Action item: Copy out the entire listing below exactly, but without its pictures.

[[ Data to examine, beginning ]]

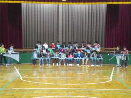 10月28日(木)の音楽集会は、全校で「君をのせて」を歌ったあと2年生が「家路」を演奏しました。音楽の時間に練習していた曲ですが、鍵盤ハーモニカと鉄琴を使ってお互いに音を聞きあいながら演奏するよう努力しました。
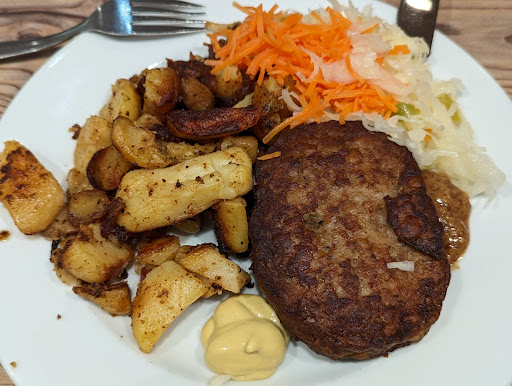 Schnitzel und Currywurst waren sehr lecker, nur die Pommes ließen zu wünschen übrig.
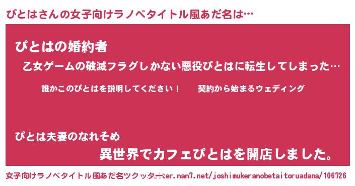 | 男性向けラノベタイトル風あだ名 | 『ピトハアートオンライン』 |
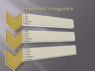 - Verb tenses like the present, preterite, imperfect, and future tenses.
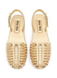 Miu Miu's sandals feature metallic, intersecting straps with a buckled back strap. The design combines texture with a polished gold-toned finish for effortless summer sophistication. A versatile warm-weather staple that elevates casual and dressy looks alike.
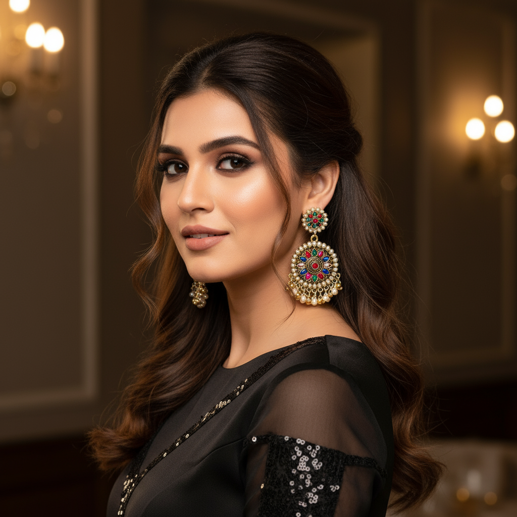 Indian Retro Vintage Hoop with Art Stones & Beads
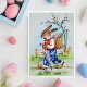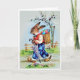 Share a vintage Easter greeting with this whimsical and cute Easter Greeting Card with a lovely illustration of the Easter Bunny bringing a basket of eggs with a blooming spring landscape in the background.
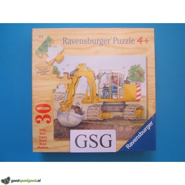 Houten puzzel van 30 stukjes met als thema bouwplaats van het merk Ravensburger. Zit nog in de ongeopende originele verpakking.
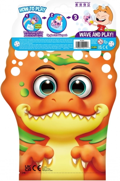 Ogni pezzo include un guanto e una bustina di soluzione per bolle in una pratica confezione richiudibile, così puoi giocare ovunque e in qualsiasi momento.
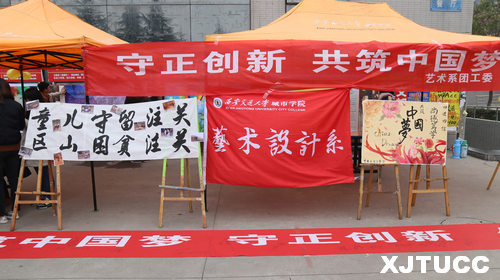 活动中,以“尚德笃学,筑中国梦,守正创新,修青年志”为标语的横幅,让过往的师生写下自己的梦,激励大家能够通过不懈的努力早日实现自己的梦想。活动以照片剪影的方式展示了艺术系各个团支部紧紧围绕以“尚德笃学,共筑美好中国梦”为主题开展的丰富多彩的活动,大力宣传活动主题,让更多的学生参与进来,为实现美好中国梦贡献自己的力量。活动充分发挥专业优势,展示了以“美好中国梦”为主题的书法、绘画、立体构成创作作品,更加坚定了我系团员青年“共筑美好中国梦”的信念。同时,艺术系“艺愿”志愿服务队开展向四川贫困山区捐赠衣物活动,共募捐到衣物上百件,帮助那里的学生度过寒冷的冬季,为共同实现美好中国梦而努力。此次活动吸引了我院广大师生的驻足观看。
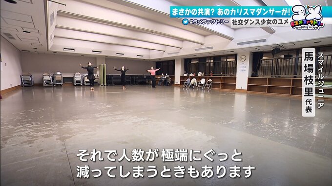 社交ダンスは通常、男女のペアで踊りますが、『スマイルジュニア』に所属しているのは女子が7人なのに対し、男子は3人。女子がペアを組めるだけ男子がいないのです。
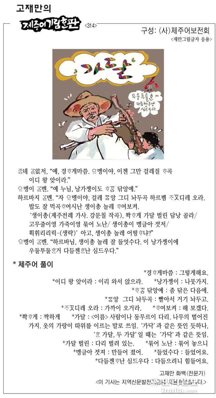 [고재만의 제주어기림혼판] 제주어 풀이(314)
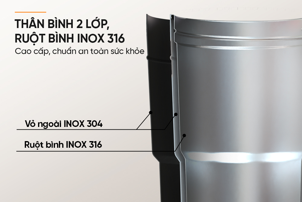 • Lòng bình INOX 316 cao cấp, an toàn tuyệt đối cho sức khỏe người dùng
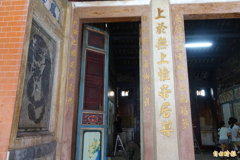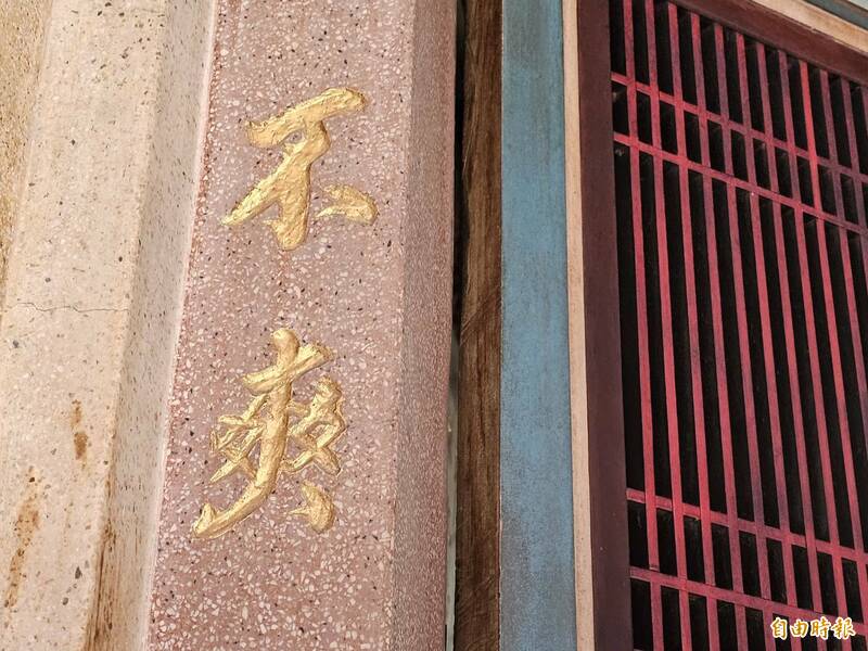 鹿港福興許厝埔拱辰宮即將拆除重建,虎邊門聯下聯赫見「不爽」兩字。(記者劉曉欣攝)

[[ Data to examine, end ]]

Solution for this task:
 10月28日(木)の音楽集会は、全校で「君をのせて」を歌ったあと2年生が「家路」を演奏しました。音楽の時間に練習していた曲ですが、鍵盤ハーモニカと鉄琴を使ってお互いに音を聞きあいながら演奏するよう努力しました。
 Schnitzel und Currywurst waren sehr lecker, nur die Pommes ließen zu wünschen übrig.
 | 男性向けラノベタイトル風あだ名 | 『ピトハアートオンライン』 |
 - Verb tenses like the present, preterite, imperfect, and future tenses.
 Miu Miu's sandals feature metallic, intersecting straps with a buckled back strap. The design combines texture with a polished gold-toned finish for effortless summer sophistication. A versatile warm-weather staple that elevates casual and dressy looks alike.
 Indian Retro Vintage Hoop with Art Stones & Beads
 Share a vintage Easter greeting with this whimsical and cute Easter Greeting Card with a lovely illustration of the Easter Bunny bringing a basket of eggs with a blooming spring landscape in the background.
 Houten puzzel van 30 stukjes met als thema bouwplaats van het merk Ravensburger. Zit nog in de ongeopende originele verpakking.
 Ogni pezzo include un guanto e una bustina di soluzione per bolle in una pratica confezione richiudibile, così puoi giocare ovunque e in qualsiasi momento.
 活动中,以“尚德笃学,筑中国梦,守正创新,修青年志”为标语的横幅,让过往的师生写下自己的梦,激励大家能够通过不懈的努力早日实现自己的梦想。活动以照片剪影的方式展示了艺术系各个团支部紧紧围绕以“尚德笃学,共筑美好中国梦”为主题开展的丰富多彩的活动,大力宣传活动主题,让更多的学生参与进来,为实现美好中国梦贡献自己的力量。活动充分发挥专业优势,展示了以“美好中国梦”为主题的书法、绘画、立体构成创作作品,更加坚定了我系团员青年“共筑美好中国梦”的信念。同时,艺术系“艺愿”志愿服务队开展向四川贫困山区捐赠衣物活动,共募捐到衣物上百件,帮助那里的学生度过寒冷的冬季,为共同实现美好中国梦而努力。此次活动吸引了我院广大师生的驻足观看。
 社交ダンスは通常、男女のペアで踊りますが、『スマイルジュニア』に所属しているのは女子が7人なのに対し、男子は3人。女子がペアを組めるだけ男子がいないのです。
 [고재만의 제주어기림혼판] 제주어 풀이(314)
 • Lòng bình INOX 316 cao cấp, an toàn tuyệt đối cho sức khỏe người dùng
 鹿港福興許厝埔拱辰宮即將拆除重建,虎邊門聯下聯赫見「不爽」兩字。(記者劉曉欣攝)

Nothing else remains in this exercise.